What to do: Nothing after the line with "The 328’s six-cylinder" belongs in the copy; extract the lines below from the top through that line, pictures left out.

====== Source material

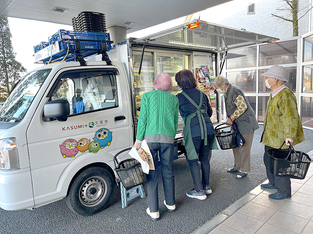 今回は、最近のハーウィル栗橋のトピックスを2つご紹介。 11月中旬から週に1回、金曜日の14:15に移動販売車がやってきています。「寒くなってお出かけがおっくう」「スーパーの人混みには行きたくない」という方も、歯磨き粉やトイレットペーパーなど、ちょっとした日用品が買えるので、「助かる〜」と、時間前から玄関前で待機しています。お惣菜も揃っていてとても便利なんです。特に大人気なのがアツアツの焼き芋です♪
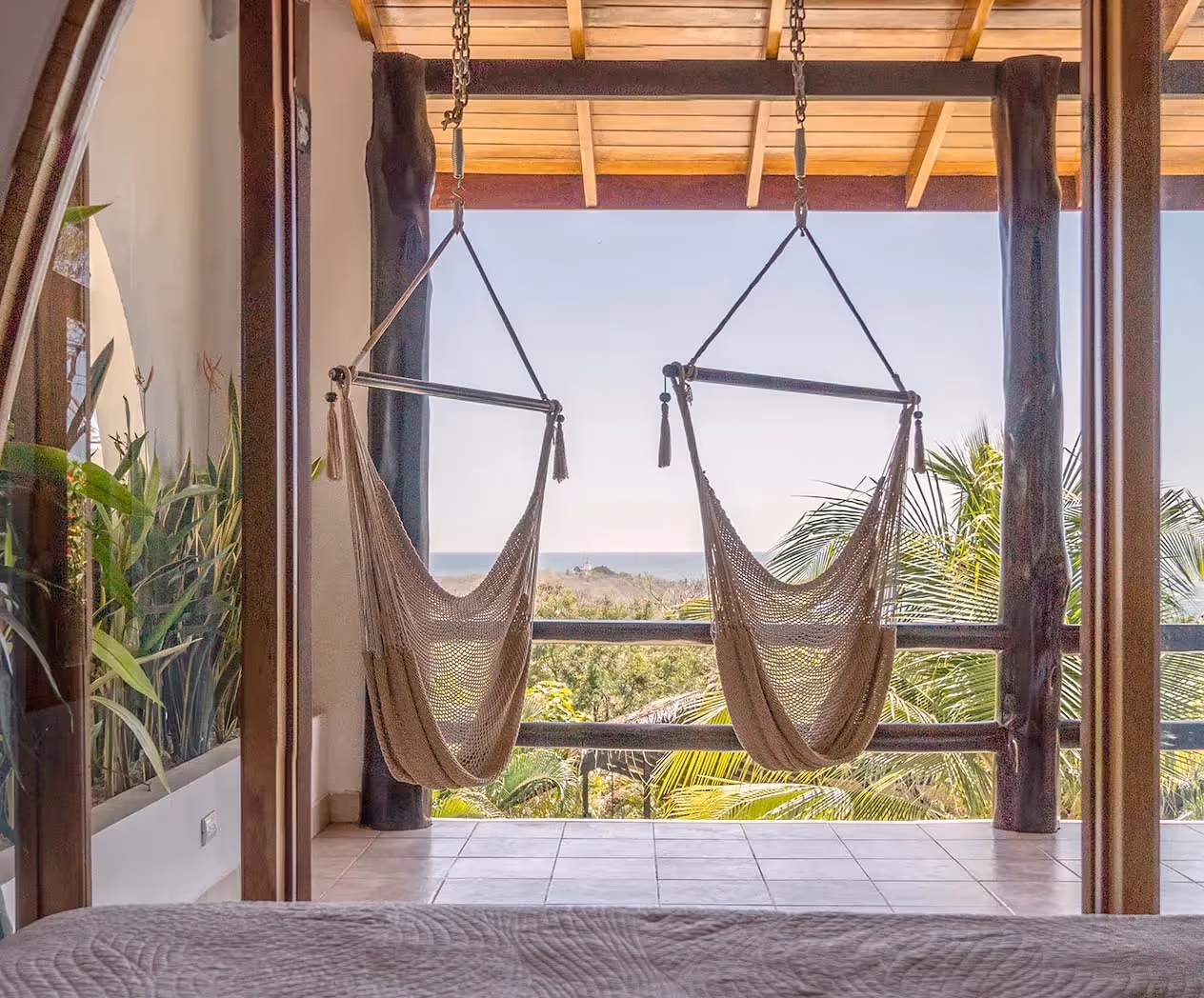 This three-bedroom, two bathroom penthouse villa has some of the best views in the area. The expansive ocean view extends from the south end of Guiones to the north end of Pelada. Enjoy this space with friends, family, or other members on your retreat with central AC, full kitchen, living room, large balcony and outdoor table. Relax on the porch with a book in one of the 4 hammock chairs enjoying the ocean breeze and watching the sun set over the Pacific.
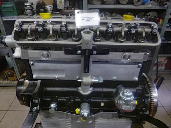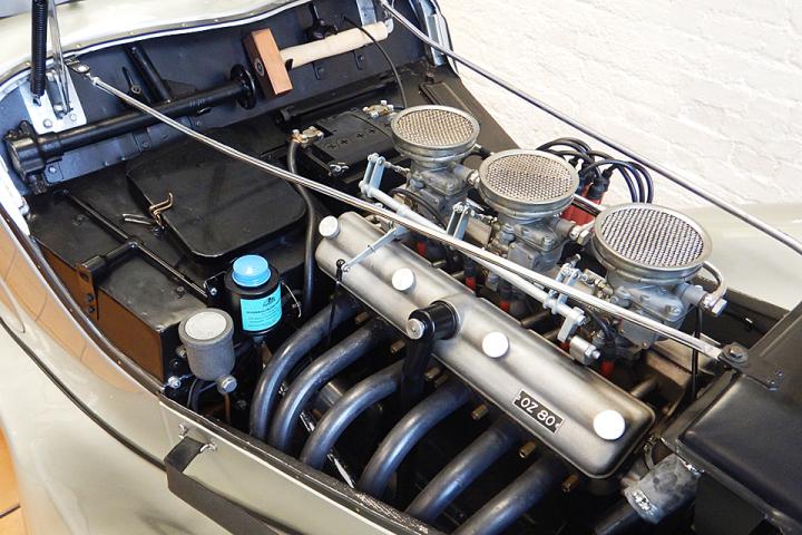 The 328’s six-cylinder engine featured an ingenious new cylinder head, designed by Rudolf Schleicher, which incorporated hemispherical combustion chambers and inclined valves without recourse to overhead, or twin camshafts. Instead, the engine’s single, block-mounted camshaft and pushrod valve actuation were retained. Two rocker shafts were employed, one situated above each bank of valves making the engine look like a twin-overhead-cam design. Down-draught inlet ports contributed to the motor’s efficient breathing.
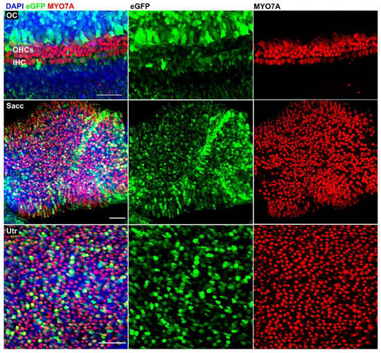 Details of transduced fetal organ of Corti (OC) showing inner and outer hair cells, respectively (IHC, OHC), and a fetal saccule (Sacc) and utricle (Utr), immunostained with anti-MYO7A antibodies. Fetal age = 14 weeks. Scale bars apply to all images in each row: 50 µm.
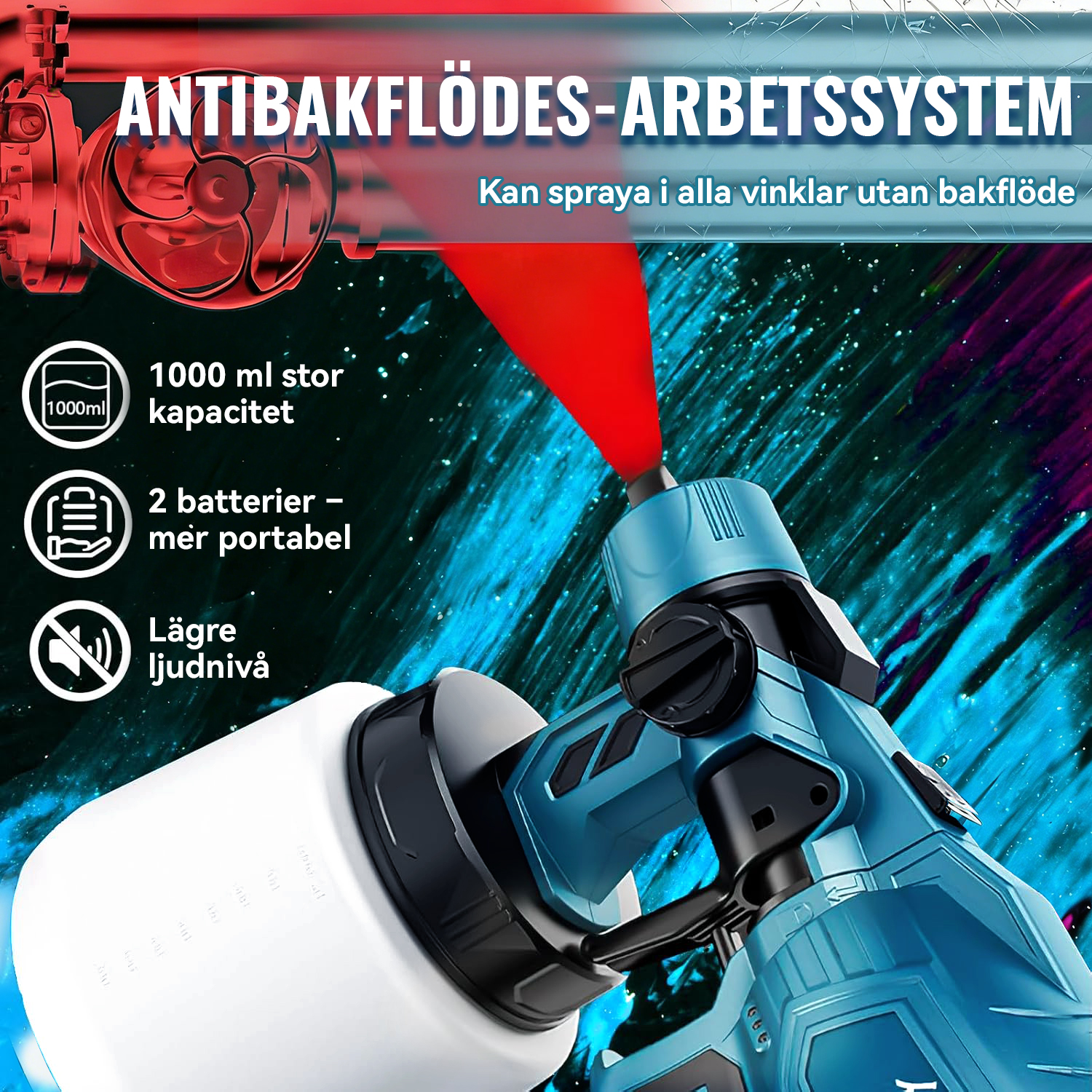 Njut av friheten att måla var som helst med denna sladdlösa färgspruta – inga sladdar, inga begränsningar. Airless-tekniken ger en jämn och slät täckning som gör målningen mycket enkel. Utformad för arbete i farten och är ditt självklara sladdlösa färgspruteverktyg för DIY, både inomhus och utomhus.
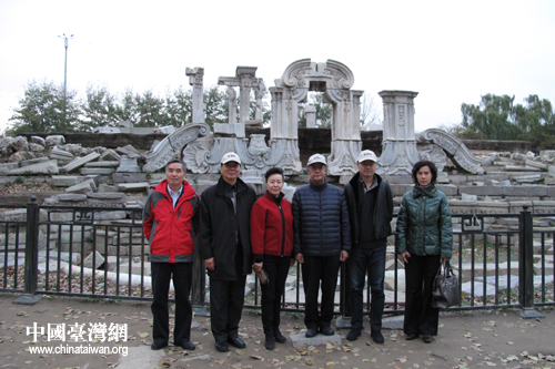 台湾参访团一行到海淀区圆明园遗址公园参观考察。(图片来源:北京市海淀区台办)
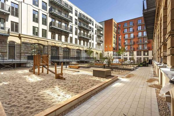 Auf dem Gelände der ehemaligen Oberpostdirektion in Dresden ist mit der Residenz am Postplatz ein Wohnensemble entstanden, das Reste des alten Gebäudes mit flankierenden Neubauten kombiniert.
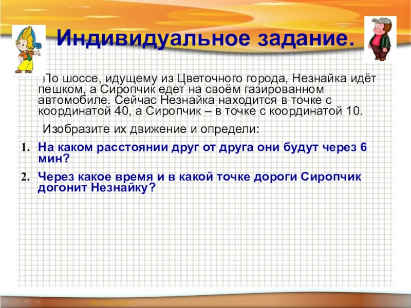 Индивидуальное задание.	По шоссе, идущему из Цветочного города, Незнайка идёт пешком, а Сиропчик едет на своём газированном автомобиле.

============

Completed task:
 今回は、最近のハーウィル栗橋のトピックスを2つご紹介。 11月中旬から週に1回、金曜日の14:15に移動販売車がやってきています。「寒くなってお出かけがおっくう」「スーパーの人混みには行きたくない」という方も、歯磨き粉やトイレットペーパーなど、ちょっとした日用品が買えるので、「助かる〜」と、時間前から玄関前で待機しています。お惣菜も揃っていてとても便利なんです。特に大人気なのがアツアツの焼き芋です♪
 This three-bedroom, two bathroom penthouse villa has some of the best views in the area. The expansive ocean view extends from the south end of Guiones to the north end of Pelada. Enjoy this space with friends, family, or other members on your retreat with central AC, full kitchen, living room, large balcony and outdoor table. Relax on the porch with a book in one of the 4 hammock chairs enjoying the ocean breeze and watching the sun set over the Pacific.
 The 328’s six-cylinder engine featured an ingenious new cylinder head, designed by Rudolf Schleicher, which incorporated hemispherical combustion chambers and inclined valves without recourse to overhead, or twin camshafts. Instead, the engine’s single, block-mounted camshaft and pushrod valve actuation were retained. Two rocker shafts were employed, one situated above each bank of valves making the engine look like a twin-overhead-cam design. Down-draught inlet ports contributed to the motor’s efficient breathing.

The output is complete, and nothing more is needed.